For what it's worth, My MacBook is about 14 months old, I got it shortly after they released the second Gen C2D macbooks. It's the faster of the CPU Speeds as well. With that, I've got 353 cycles on the current battery and I can't tell any difference in run-time. With the screen moderately dimmed like I have it when I'm indoors and surfing the web it still runs for more than 4 hours. Play some tunes or kick the brightness up to 3/4 or so and that gets cut down to a notch under three hours. Running full tilt with full brightness and heavy CPU Usage (like iTunes visualizations at 60fps or Windows 2000 running in Parallels so I can VPN into work) it still runs for close to an hour and a half. I'm betting the MBA battery will last you quite a while before you need to go to the Apple Store with your tail (and pocketbook) between your legs.
As far as riding with it on your bike, a good padded cell does wonders. On my road bike, I just throw it in my panniers. When I switch to my Mountain bike, there are a few considerations for my situation:
1) I switch because it's snowy/icy season and my road bike doesn't handle slippery surfaces well. Still on a MTB I'm prone to fall over, so I choose a backpack with my MTB. I don't want to break my bike's fall with a MacBook.
2) Since my MTB isn't up to the 30 mile round trip (or rather, I don't want to ride a slow, heavy bike that far every day), I use the bus to shorten my ride to a more manageable 5-10 mile RT. Wearing a backpack for less than 10 miles a day isn't too bad.
Now, I've had two really good tumbles with my MacBook in the backpack.
One of them broke my face and a bunch of teeth, but not the MacBook. This is a padded laptop-specific backpack, though. I've also had one really good tumble on my road bike with the laptop in a pannier, protected by a padded cell.

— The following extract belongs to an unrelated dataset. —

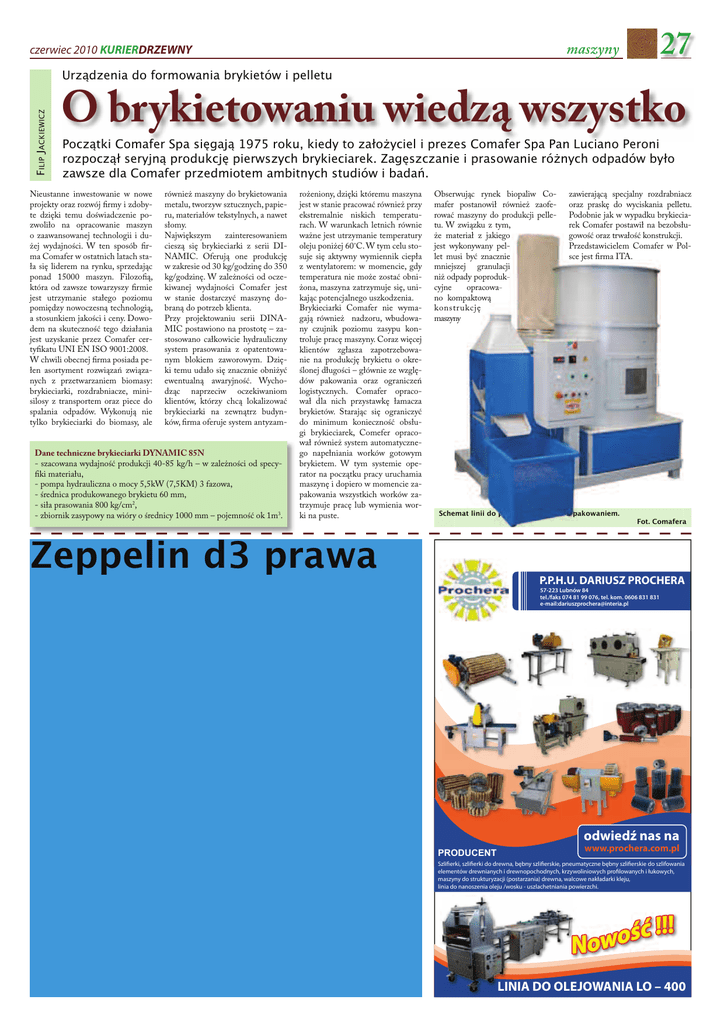 27 maszyny czerwiec 2010 KURIERDRZEWNY !"#"$%&'()"*+"(, !"#$%#&'()*%+*,+"-+.)'()*/"01(&23.*(*4&55&26 O brykietowaniu wiedzą wszystko 7+8#$21(*9+-),&"*:4)*;(<=)>$*?@AB*"+16C*1(&%0*2+*#)D+E08(&5*(*4"&#&;*9+-),&"*:4)*7)'*F68()'+*7&"+'(* "+#4+8#$D*;&"0>'$*4"+%618><*4(&".;#08G*/"01(&8()"&1H*I)=<;#8#)'(&*(*4");+.)'(&*"3E'08G*+%4)%3.*/0D+* #).;#&*%5)*9+-),&"*4"#&%-(+2&-*)-/(2'08G*;26%(3.*(*/)%)JH Nieustanne inwestowanie w nowe projekty oraz rozwój firmy i zdobyte dzięki temu doświadczenie pozwoliło na opracowanie maszyn o zaawansowanej technologii i dużej wydajności. W ten sposób firma Comafer w ostatnich latach stała się liderem na rynku, sprzedając ponad 15000 maszyn. Filozofią, która od zawsze towarzyszy firmie jest utrzymanie stałego poziomu pomiędzy nowoczesną technologią, a stosunkiem jakości i ceny. Dowodem na skuteczność tego działania jest uzyskanie przez Comafer certyfikatu UNI EN ISO 9001:2008. W chwili obecnej firma posiada pełen asortyment rozwiązań związanych z przetwarzaniem biomasy: brykieciarki, rozdrabniacze, minisilosy z transportem oraz piece do spalania odpadów. Wykonują nie tylko brykieciarki do biomasy, ale również maszyny do brykietowania metalu, tworzyw sztucznych, papieru, materiałów tekstylnych, a nawet słomy. Największym zainteresowaniem cieszą się brykieciarki z serii DINAMIC. Oferują one produkcję w zakresie od 30 kg/godzinę do 350 kg/godzinę. W zależności od oczekiwanej wydajności Comafer jest w stanie dostarczyć maszynę dobraną do potrzeb klienta. Przy projektowaniu serii DINAMIC postawiono na prostotę – zastosowano całkowicie hydrauliczny system prasowania z opatentowanym blokiem zaworowym. Dzięki temu udało się znacznie obniżyć ewentualną awaryjność. Wychodząc naprzeciw oczekiwaniom klientów, którzy chcą lokalizować brykieciarki na zewnątrz budynków, firma oferuje system antyzam- Dane techniczne brykieciarki DYNAMIC 85N - szacowana wydajność produkcji 40-85 kg/h – w zależności od specyfiki materiału, - pompa hydrauliczna o mocy 5,5kW (7,5KM) 3 fazowa, - średnica produkowanego brykietu 60 mm, - siła prasowania 800 kg/cm2, - zbiornik zasypowy na wióry o średnicy 1000 mm – pojemność ok 1m3. rożeniony, dzięki któremu maszyna jest w stanie pracować również przy ekstremalnie niskich temperaturach. W warunkach letnich równie ważne jest utrzymanie temperatury oleju poniżej 60˚C. W tym celu stosuje się aktywny wymiennik ciepła z wentylatorem: w momencie, gdy temperatura nie może zostać obniżona, maszyna zatrzymuje się, unikając potencjalnego uszkodzenia. Brykieciarki Comafer nie wymagają również nadzoru, wbudowany czujnik poziomu zasypu kontroluje pracę maszyny. Coraz więcej klientów zgłasza zapotrzebowanie na produkcję brykietu o określonej długości – głównie ze względów pakowania oraz ograniczeń logistycznych. Comafer opracował dla nich przystawkę łamacza brykietów. Starając się ograniczyć do minimum konieczność obsługi brykieciarek, Comefer opracował również system automatycznego napełniania worków gotowym brykietem. W tym systemie operator na początku pracy uruchamia maszynę i dopiero w momencie zapakowania wszystkich worków zatrzymuje pracę lub wymienia worki na puste. Obserwując rynek biopaliw Comafer postanowił również zaoferować maszyny do produkcji pelletu. W związku z tym, że materiał z jakiego jestt wykonywany pellet musi być znacznie ejszej granulacji mniejszej niż odpady poprodukopracowacyjne no kompaktową strukcję konstrukcję zyny maszyny zawierającą specjalny rozdrabniacz oraz praskę do wyciskania pelletu. Podobnie jak w wypadku brykieciarek Comafer postawił na bezobsługowość oraz trwałość konstrukcji. Przedstawicielem Comafer w Pol Polsce jest firma ITA. -./"0+1'$%&%%'(2'#*2(34.5%'6*74%"13'8'#+42,+&%"09' -./"0+1'$%&%%'(2'#*2 '#*2(34. '#*2 (34.5%'6 (34. 5%'6*74% 5%'6 *74%"13' *74% "13'8'#+ "13' 8'#+42,+&%"09' 8'#+ :219';20+<"*+ !"##"$%&'()'#*+,+' P.P.H.U. DARIUSZ PROCHERA 57-223 Lubnów 84 tel./faks 074 81 99 076, tel. kom. 0606 831 831 e-mail:[email protected] odwiedź nas na !"#$%&'() www.prochera.com.pl Szlifierki, szlifierki do drewna, bębny szlifierskie, pneumatyczne bębny szlifierskie do szlifowania elementów drewnianych i drewnopochodnych, krzywoliniowych profilowanych i łukowych, maszyny do strukturyzacji (postarzania) drewna, walcowe nakładarki kleju, linia do nanoszenia oleju /wosku - uszlachetniania powierzchi. LINIA DO OLEJOWANIA LO – 400

I also had the same padded cell fall off the back of my hybrid's rack at about 18 MPH. I had it bungeed to a rack back when I first started commuting, bad idea. This wasn't my MB; it was carrying the G3 PowerBook I had before I got this MacBook. The G3 Wallstreet, as well, survived just fine. A quality padded cell in a pannier will ease your mind and get the weight down low and off of your back.